If you want to be the very best, you must learn to take advantage of the Type Match-Up system. This has existed in every mainline Pokémon game to date. So if you’ve played one before, you should be pretty up to date. Still, it doesn’t hurt to review the basics every now and then!
Every Pokémon known to man belongs to one or two Types, from a pool of 18 Types. These include the Normal-type, all the way up to the Fairy-type. Typically, a Pokémon’s Type(s) reflects their characteristics. So if a Pokémon is on fire, you can guess that it’s a Fire-type.
In addition, every single move that a Pokémon can use also has a Type. Following on from our earlier example, a move called Flamethrower is obviously going to be a Fire-type move. So far, so simple, right?
Similar to in real life, certain Types fare better or worse against other Types. Like how water can put out fire, Water-type moves are strong when used against Fire-type Pokémon. But the reverse is also true. Fire has a hard time evaporating water, so Fire-type moves aren’t good against Water-type Pokémon.

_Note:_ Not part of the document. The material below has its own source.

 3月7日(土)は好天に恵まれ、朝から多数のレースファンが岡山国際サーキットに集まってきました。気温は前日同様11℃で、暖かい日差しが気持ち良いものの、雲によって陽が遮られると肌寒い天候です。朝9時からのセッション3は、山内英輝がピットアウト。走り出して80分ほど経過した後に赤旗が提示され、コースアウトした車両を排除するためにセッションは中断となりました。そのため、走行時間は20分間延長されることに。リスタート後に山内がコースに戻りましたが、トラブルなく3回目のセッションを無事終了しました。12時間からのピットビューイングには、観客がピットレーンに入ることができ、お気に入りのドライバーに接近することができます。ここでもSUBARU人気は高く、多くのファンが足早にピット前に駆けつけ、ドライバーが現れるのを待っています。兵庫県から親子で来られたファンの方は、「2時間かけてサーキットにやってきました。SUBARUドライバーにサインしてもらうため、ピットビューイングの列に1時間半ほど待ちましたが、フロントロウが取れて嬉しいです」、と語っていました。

Of course, that’s a huge simplification. Not every Type interaction follows real life logic. For instance, we’re not quite sure why Fighting-type moves aren’t good against Bugs. Are they suggesting macho men are scared of bugs? Plus some Types don’t even exist in real life, like Psychics, Ghosts and Fairies. At least we don’t think so…
Also, not every interaction results in a clear advantage or disadvantage. In over half of all match-ups, the chosen Type is evenly matched against the opponent and deals standard (neutral) damage. On the far extreme, there are cases where a Type deals absolutely no damage to another Type. So that’s even more reason to pay attention!

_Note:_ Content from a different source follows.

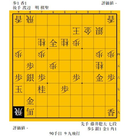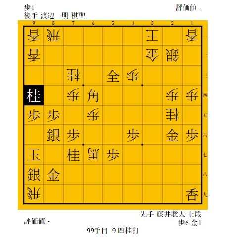 藤井君のラストチャンスは渡辺さんが王手を逃げての98手目 △3一玉の局面。実戦は99手目 ▲9四桂打としてしまったが、ここは専守防衛の▲7三馬が勝った。桂を取りつつ、9五歩を守る一手が必要だった。

Our Handy Type Match-Up Chart
With 18 Types, that means 18 x 18 possible interactions. Or 324 if you don’t want to get a calculator out. Although like we said, less than half are meaningful. Still, that’s over a hundred of 'em.
Because we’re so nice, we’ve compiled a chart detailing all the Type interactions, which you can refer to if you need help. Ideally, we advise learning the common match-ups, but in the meantime, here you go!
How To Use
First, go down the left-most column and identify the Type of your chosen move. Then follow the row across until you reach the column that corresponds to your opponent’s Type.

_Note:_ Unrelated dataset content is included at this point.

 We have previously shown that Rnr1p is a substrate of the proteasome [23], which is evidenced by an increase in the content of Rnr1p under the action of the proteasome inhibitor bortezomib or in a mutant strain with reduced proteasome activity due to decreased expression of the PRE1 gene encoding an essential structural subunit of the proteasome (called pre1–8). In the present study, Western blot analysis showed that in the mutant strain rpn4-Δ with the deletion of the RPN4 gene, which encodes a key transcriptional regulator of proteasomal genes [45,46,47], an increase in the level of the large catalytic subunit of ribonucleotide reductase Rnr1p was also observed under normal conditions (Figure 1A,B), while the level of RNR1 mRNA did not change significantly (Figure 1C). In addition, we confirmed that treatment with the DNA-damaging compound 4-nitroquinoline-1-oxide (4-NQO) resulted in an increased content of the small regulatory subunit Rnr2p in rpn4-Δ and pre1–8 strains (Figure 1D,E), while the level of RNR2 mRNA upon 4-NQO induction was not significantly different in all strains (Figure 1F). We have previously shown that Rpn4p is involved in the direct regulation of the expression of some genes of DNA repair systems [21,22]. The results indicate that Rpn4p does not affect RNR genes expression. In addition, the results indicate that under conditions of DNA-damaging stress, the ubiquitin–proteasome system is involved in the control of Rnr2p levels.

The numbers in each square indicate the damage multiplier. "Super-effective hits" are 2x (or double), while "not very effective" hits are 0.5x (or half). Then you’ve got 0x (or zero damage) for "no effect".
If your opponent has two Types, it’s slightly more complicated, but not that much. All you have to do is multiply the individual damage multipliers together.
For example, say you’re up against a Gyarados, which is Water and Flying. Normally, Grass deals 2x damage to Water. But don’t forget that it does 0.5x to Flying. So together it does 2 times 0.5 equals 1x damage. In other words, Grass is neutral against Gyarados.
On the other hand, what if you used an Electric-type move against Gyarados? Well, Electric deals 2x damage to Water and it also deals 2x damage to Flying. So that means it does 4x damage to Gyarados. That’s a killer amount of damage!
Here’s another interesting example. Alolan Muk is Poison and Dark. Now Psychic moves deal 2x damage to Poison, but 0x damage to Dark. What’s 2 times 0? Still 0. So Alolan Muk takes no damage from Psychic-types at all! That makes it quite the scary opponent.